A recent case study has revealed an unusual instance of kidney cancer metastasizing to breast tissue, challenging traditional understandings of renal cell carcinoma (RCC) spread. On July 28, 2025, Dr. Aman Saswat Sahoo, a fourth-year medical student at the University of Central Lancashire’s School of Medicine and Dentistry, along with his colleagues, published details of a 54-year-old female patient who exhibited a 6-mm breast nodule detected during a routine mammogram. This nodule, initially presumed benign, was later confirmed through histopathology as a metastatic lesion from previously diagnosed RCC.
The patient had undergone a radical nephrectomy three years earlier for RCC, after which she had no chemotherapy. Regular follow-up CT imaging had not indicated any abnormalities; however, a recent routine CT scan identified a 4-mm lesion in the lower outer quadrant of the right breast. Notably, this lesion was absent on a mammogram conducted four years prior. The clinical examination showed no palpable abnormalities, and subsequent mammography confirmed the presence of a 6-mm nodule in the right breast, which was later evaluated through ultrasound imaging.
The ultrasound indicated a solid nodule measuring 5 mm, and a core biopsy was performed. Initial histopathological evaluation suggested an inflammatory lesion characterized by clear cytoplasm and macrophages. Further immunohistochemical tests revealed positive results for PAX8, CD10, and MNF116 markers, confirming the diagnosis of metastatic renal cell carcinoma in the breast.
Dr. Saswat Sahoo emphasized the importance of thorough diagnostic evaluations in patients with a history of RCC. “The rarity of breast metastasis from RCC, with fewer than 60 documented cases in the literature, underscores the need for heightened awareness and further research,” he stated.
In discussing the implications of this case, Dr.

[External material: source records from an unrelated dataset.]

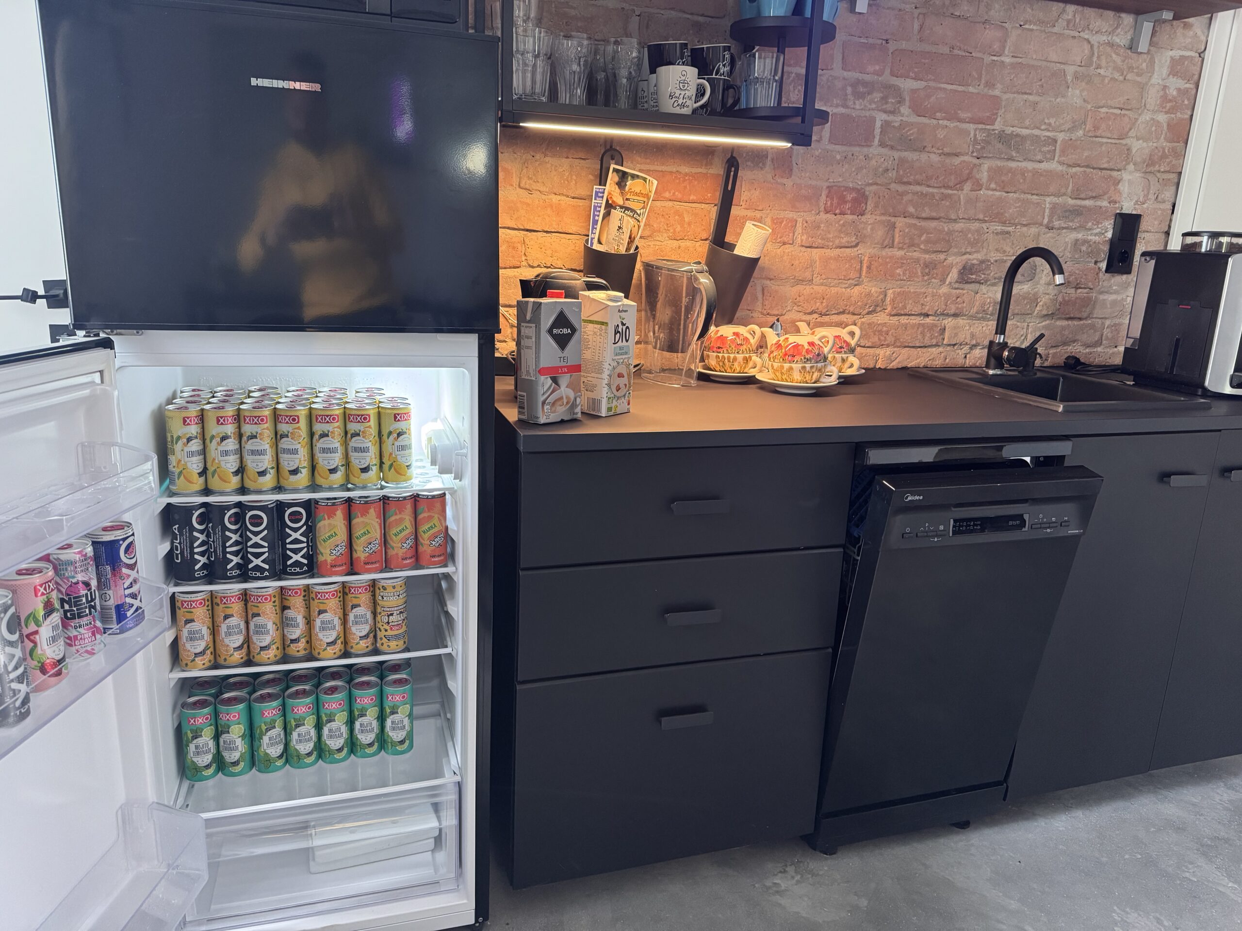 A bérlés részeként ingyenes kávé és tea, konyhahasználat áll rendelkezésetekre, így kényelmesen tarthattok szünetet, rendelhettek ebédet vagy vacsorát, amit nyugodtan elfogyaszthattok a teakonyhában.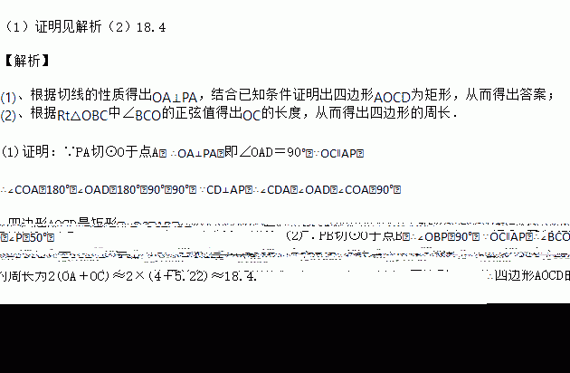 (2)若∠P=50°,⊙O的半径为4,求四边形AOCD的周长(精确到0.1,参考数据:sin50°≈0.766,cos50°≈0.643,tan50°≈1.192).
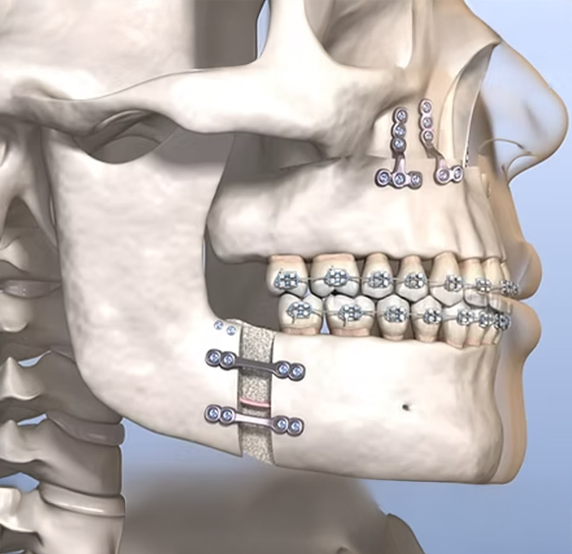 Cerrahınız herhangi bir yanlış hizalamayı düzeltmek için çene kemiklerinizi yeniden konumlandıracaktır. Kemikler vidalar veya plakalar kullanılarak yerine sabitlenebilir.

Rebecca Allen, an oncologist at the Royal Marsden NHS Foundation Trust, noted that RCC typically spreads hematogenously and that breast metastasis is exceedingly rare. “While the risk of recurrence is highest within the first two years post-treatment, metastases to unusual sites like the breast can occur even years later,” she explained, referencing a 2021 study published in the Journal of Clinical Oncology that outlined similar unexpected metastatic routes (Smith et al., 2021).
The surgical approach for this patient involved a wide local excision of the lesion, employing a radiofrequency identification tag to accurately locate the nodule. Postoperative results confirmed the presence of a 5-mm well-circumscribed metastatic RCC without any other significant findings such as vascular invasion or in situ carcinomas. No systemic therapy was pursued, given the patient's specific circumstances.
This case not only highlights the complexity of diagnosing metastatic lesions but also the need for ongoing education and research in oncology. As Dr. John Michaels, a cancer researcher at the University of California, San Francisco, pointed out, “There is a significant gap in the literature regarding optimal treatment strategies for RCC metastasis to atypical sites, which calls for further investigation.”
In conclusion, this clinical case serves as a critical reminder of the potential for renal cell carcinoma to manifest in rare and unexpected ways, prompting healthcare professionals to remain vigilant in their diagnostic processes. The authors advocate for further studies to elucidate the mechanisms behind such metastases and to develop comprehensive management strategies for affected patients. As the field of oncology continues to evolve, understanding these atypical presentations will be essential for improving patient outcomes and treatment efficacy.